Особое развитие получают в современной России маргинальные и диффузные формы культурных и цивилизационных процессов; общество все более атомизируется, усиливается аморфность и размытость всех смысловых границ, социокультурных форм и интересов, субъективно переживаемые и деятелями культуры, и рядовыми потребителями культурной продукции как падение национальной культуры или даже “антикультура”. Столкновение же традиционализма (подчас принимающего все более крайние фундаменталистские формы) с модернизацией (также тяготеющей к экстремальным проявлениям) приводит к возникновению непредсказуемых и парадоксальных феноменов.
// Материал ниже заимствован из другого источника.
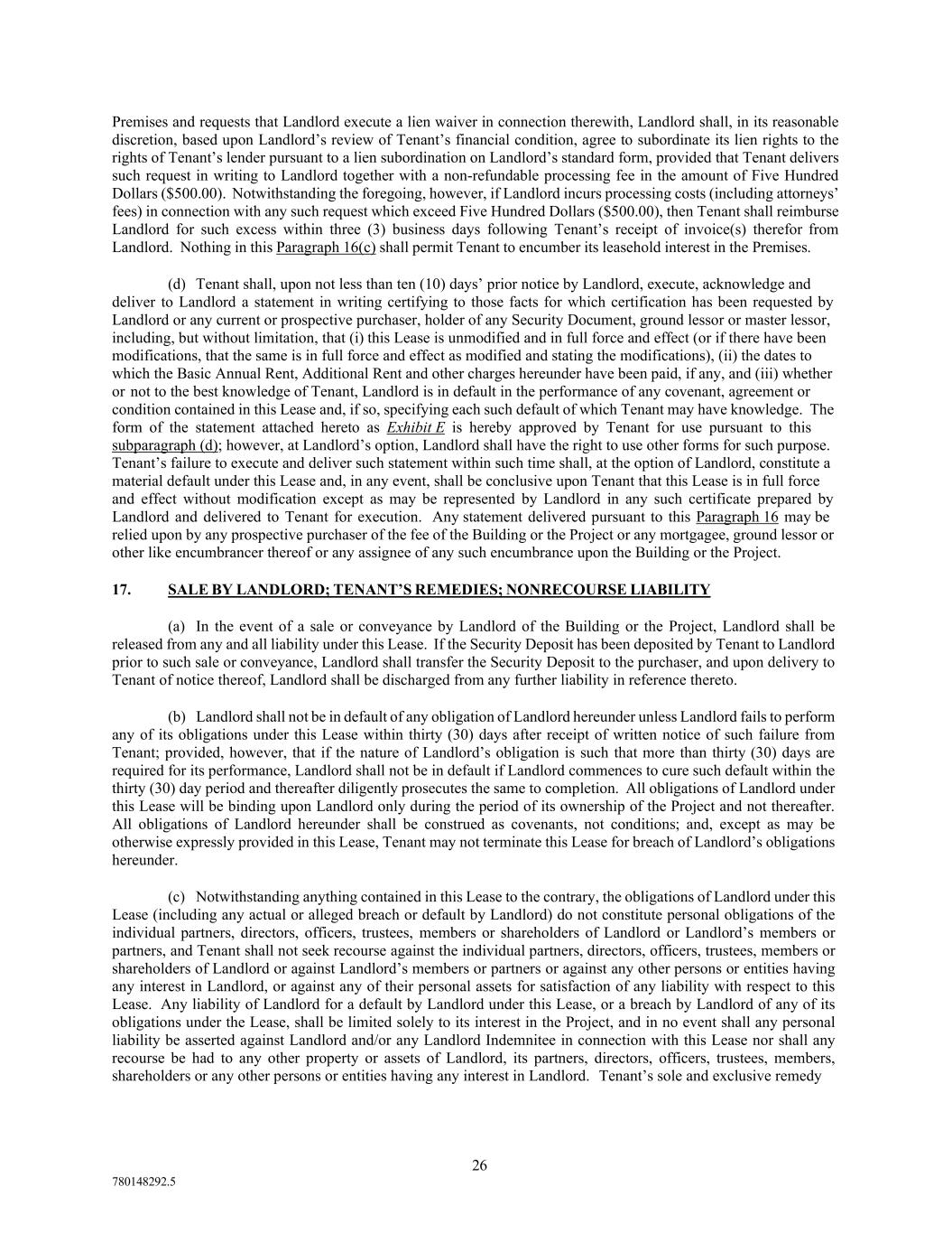 26 780148292.5 Premises and requests that Landlord execute a lien waiver in connection therewith, Landlord shall, in its reasonable discretion, based upon Landlord’s review of Tenant’s financial condition, agree to subordinate its lien rights to the rights of Tenant’s lender pursuant to a lien subordination on Landlord’s standard form, provided that Tenant delivers such request in writing to Landlord together with a non-refundable processing fee in the amount of Five Hundred Dollars ($500.00). Notwithstanding the foregoing, however, if Landlord incurs processing costs (including attorneys’ fees) in connection with any such request which exceed Five Hundred Dollars ($500.00), then Tenant shall reimburse Landlord for such excess within three (3) business days following Tenant’s receipt of invoice(s) therefor from Landlord. Nothing in this Paragraph 16(c) shall permit Tenant to encumber its leasehold interest in the Premises. (d) Tenant shall, upon not less than ten (10) days’ prior notice by Landlord, execute, acknowledge and deliver to Landlord a statement in writing certifying to those facts for which certification has been requested by Landlord or any current or prospective purchaser, holder of any Security Document, ground lessor or master lessor, including, but without limitation, that (i) this Lease is unmodified and in full force and effect (or if there have been modifications, that the same is in full force and effect as modified and stating the modifications), (ii) the dates to which the Basic Annual Rent, Additional Rent and other charges hereunder have been paid, if any, and (iii) whether or not to the best knowledge of Tenant, Landlord is in default in the performance of any covenant, agreement or condition contained in this Lease and, if so, specifying each such default of which Tenant may have knowledge. The form of the statement attached hereto as Exhibit E is hereby approved by Tenant for use pursuant to this subparagraph (d); however, at Landlord’s option, Landlord shall have the right to use other forms for such purpose. Tenant’s failure to execute and deliver such statement within such time shall, at the option of Landlord, constitute a material default under this Lease and, in any event, shall be conclusive upon Tenant that this Lease is in full force and effect without modification except as may be represented by Landlord in any such certificate prepared by Landlord and delivered to Tenant for execution. Any statement delivered pursuant to this Paragraph 16 may be relied upon by any prospective purchaser of the fee of the Building or the Project or any mortgagee, ground lessor or other like encumbrancer thereof or any assignee of any such encumbrance upon the Building or the Project. 17. SALE BY LANDLORD; TENANT’S REMEDIES; NONRECOURSE LIABILITY (a) In the event of a sale or conveyance by Landlord of the Building or the Project, Landlord shall be released from any and all liability under this Lease. If the Security Deposit has been deposited by Tenant to Landlord prior to such sale or conveyance, Landlord shall transfer the Security Deposit to the purchaser, and upon delivery to Tenant of notice thereof, Landlord shall be discharged from any further liability in reference thereto. (b) Landlord shall not be in default of any obligation of Landlord hereunder unless Landlord fails to perform any of its obligations under this Lease within thirty (30) days after receipt of written notice of such failure from Tenant; provided, however, that if the nature of Landlord’s obligation is such that more than thirty (30) days are required for its performance, Landlord shall not be in default if Landlord commences to cure such default within the thirty (30) day period and thereafter diligently prosecutes the same to completion. All obligations of Landlord under this Lease will be binding upon Landlord only during the period of its ownership of the Project and not thereafter. All obligations of Landlord hereunder shall be construed as covenants, not conditions; and, except as may be otherwise expressly provided in this Lease, Tenant may not terminate this Lease for breach of Landlord’s obligations hereunder. (c) Notwithstanding anything contained in this Lease to the contrary, the obligations of Landlord under this Lease (including any actual or alleged breach or default by Landlord) do not constitute personal obligations of the individual partners, directors, officers, trustees, members or shareholders of Landlord or Landlord’s members or partners, and Tenant shall not seek recourse against the individual partners, directors, officers, trustees, members or shareholders of Landlord or against Landlord’s members or partners or against any other persons or entities having any interest in Landlord, or against any of their personal assets for satisfaction of any liability with respect to this Lease. Any liability of Landlord for a default by Landlord under this Lease, or a breach by Landlord of any of its obligations under the Lease, shall be limited solely to its interest in the Project, and in no event shall any personal liability be asserted against Landlord and/or any Landlord Indemnitee in connection with this Lease nor shall any recourse be had to any other property or assets of Landlord, its partners, directors, officers, trustees, members, shareholders or any other persons or entities having any interest in Landlord. Tenant’s sole and exclusive remedy

Так, место традиционных мировых религий (в частности, русского православия) в постсоветском десекуляризованном обществе все чаще начинают занимать религиозный модернизм или фундаменталистский экстремизм, сектантство, эзотеризм, мистицизм, провоцирующие решительную борьбу с ними не только господствующих церковных институтов, но и официальных государственных органов власти и административных учреждений (жупел “тоталитарных” сект).

Таким образом, атрибут “эристичности” неизбежно распространяется с отдельных маргинально-диффузных явлений и процессов на все уровни и слои, формы и институты российской культуры. Периферийные образования перемещаются в центр, обретая статус “ядерных” структур и определяя собой характер и смысл социокультурного целого. Маргинальность становится системообразующим фактором всей культуры и даже переносится на цивилизационные процессы. Это фактически закрепляет состояние переходности за российской цивилизацией. Весь вопрос заключается в том, от чего и к чему происходит культурно-исторический и цивилизационный переход; носит ли он, условно говоря, "прогрессивный", созидательный характер или, напротив, разрушительный характер, что может означать временный или фатальный "регресс" данной культуры и цивилизации. Точный прогноз "смутных", переходных процессов оказывается весьма проблематичным и условным. Известно, например, что и "бунташный" XVII век, и Октябрьская революция в ХХ в. — с последующей Гражданской войной — казались современникам национальной катастрофой России, граничащей с окончательной гибелью цивилизации и культуры. Однако в каждом предшествующем кризисе, благодаря эристическим механизмам, культура быстро и радикально трансформировалась, а цивилизация находила в себе новые резервы для выживания и смыслового обновления.